- Opening Delimiter -

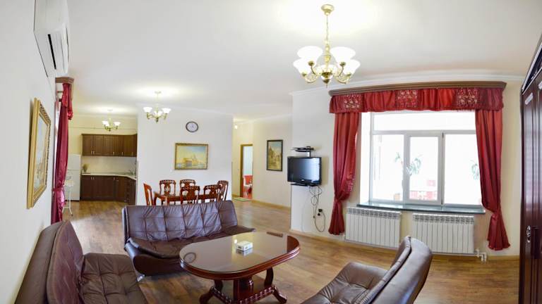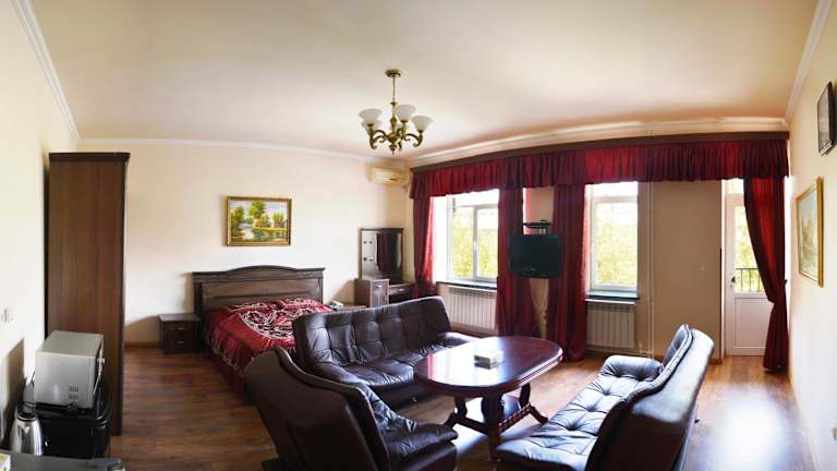 Das Family Hotel befindet sich nur 5 Gehminuten vom Platz der Republik entfernt, was es zu einer idealen Ausgangsbasis macht, um die Stadt Jerewan zu erkunden. In unmittelbarer Nähe finden Sie eine große Auswahl an Restaurants und Cafés, in denen Sie die köstliche europäische Küche genießen können. Das Nationalmuseum und die Kunstgalerie sind nur 300 m entfernt und die beeindruckende Kathedrale Hl. Gregor der Erleuchter erreichen Sie in nur 5 Fahrminuten. Der Flughafen Jerewan ist ebenfalls gut erreichbar und liegt nur 12 km entfernt.
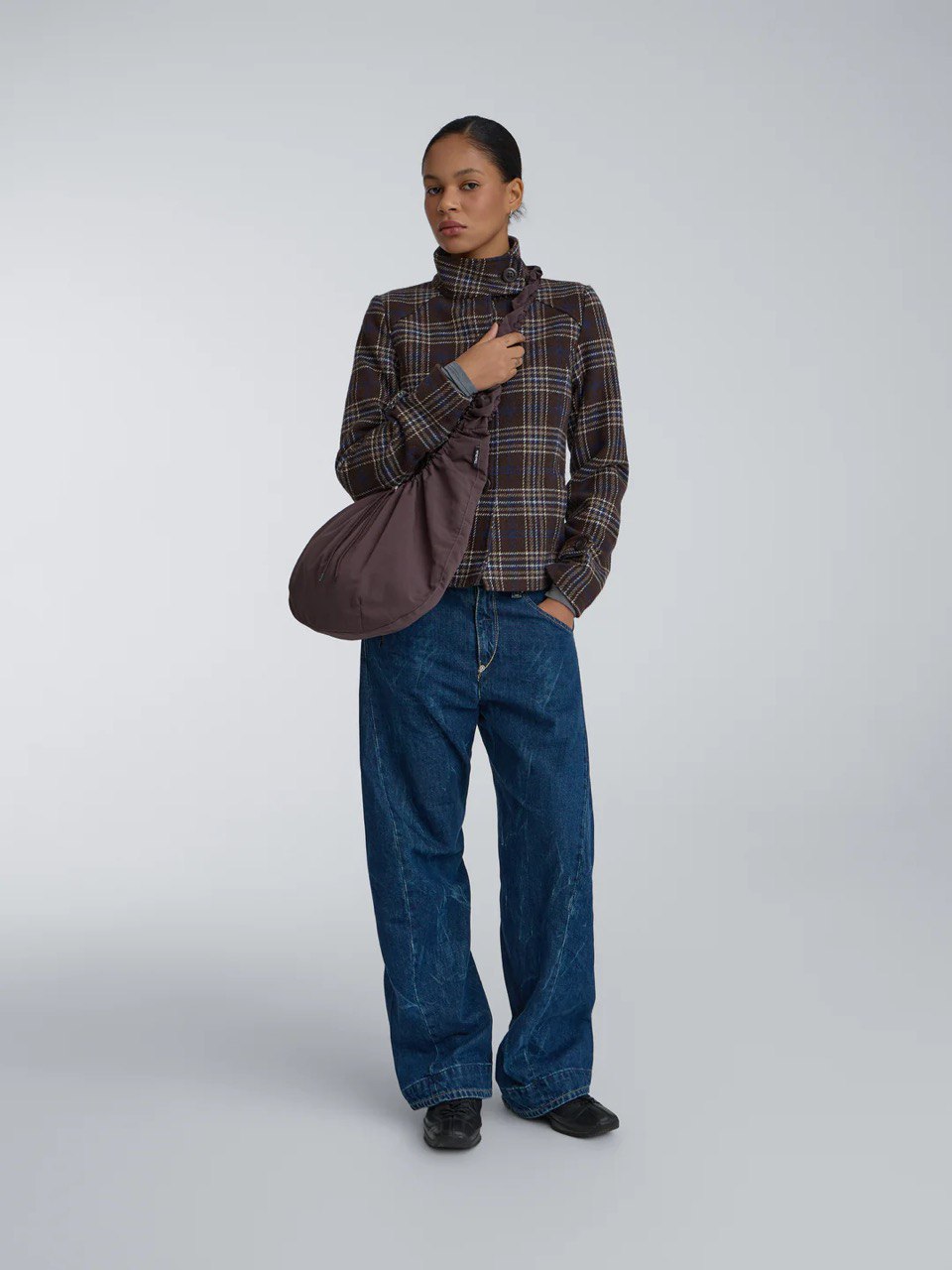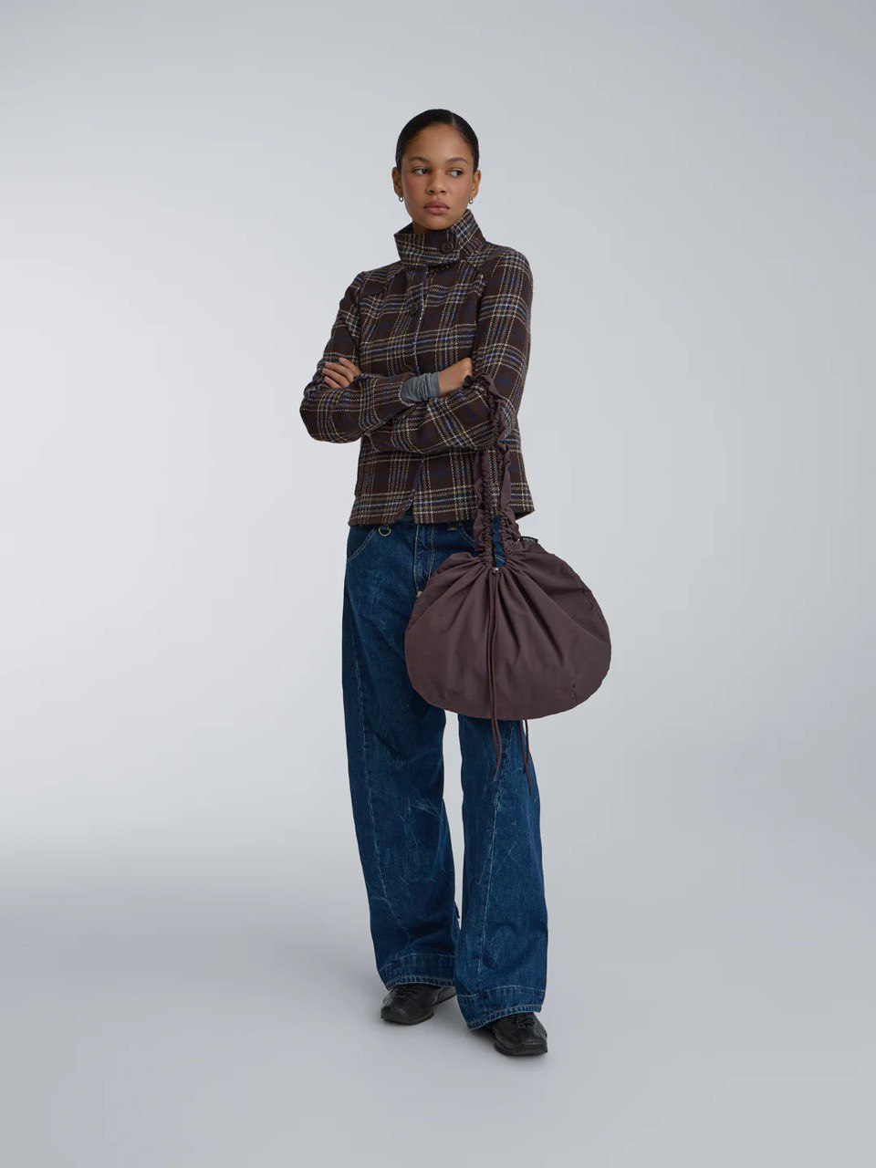 This functional raincoat-style bag is a perfect addition to your everyday routine this season. Available in four colors: brown, black, mocha, and light gray. The bag length is adjustable with stoppers, complementing the minimalist design of the model.
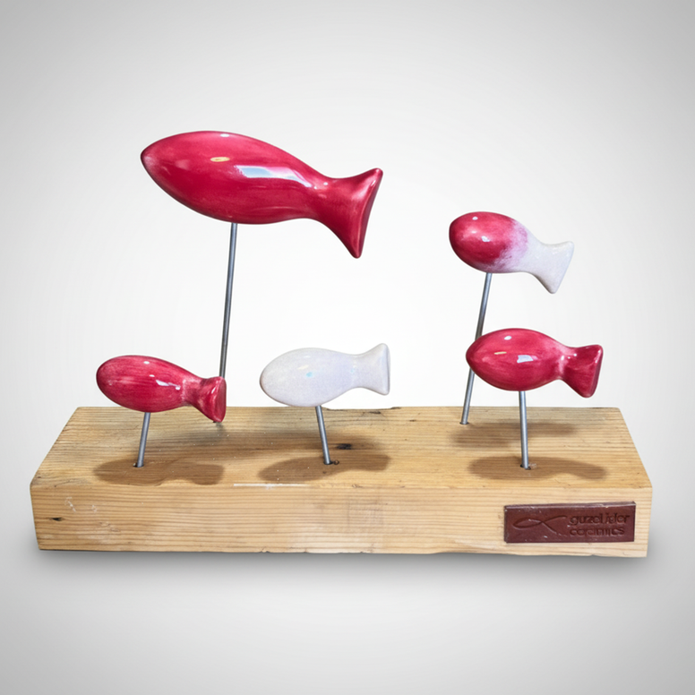 yaklaşık 10 cm.'lik 1 adet, 7,5 cm.'lik 4 balıktan oluşan bu heykel seti 35 cm.'lik ahşap kaidenin üzerinde yer almaktadır.
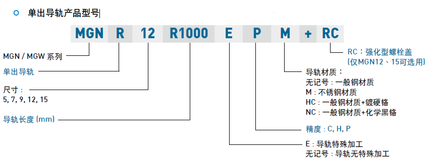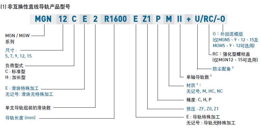 (1) 非互換性直線導(dǎo)軌產(chǎn)品型號

- Closing Delimiter -

◆ Task details ◆
From the line that contains "This functional raincoat-style" to the end of the material above, output every line exactly, both ends included, but leave out any pictures.

◆ Exercise solution ◆
 This functional raincoat-style bag is a perfect addition to your everyday routine this season. Available in four colors: brown, black, mocha, and light gray. The bag length is adjustable with stoppers, complementing the minimalist design of the model.
 yaklaşık 10 cm.'lik 1 adet, 7,5 cm.'lik 4 balıktan oluşan bu heykel seti 35 cm.'lik ahşap kaidenin üzerinde yer almaktadır.
 (1) 非互換性直線導(dǎo)軌產(chǎn)品型號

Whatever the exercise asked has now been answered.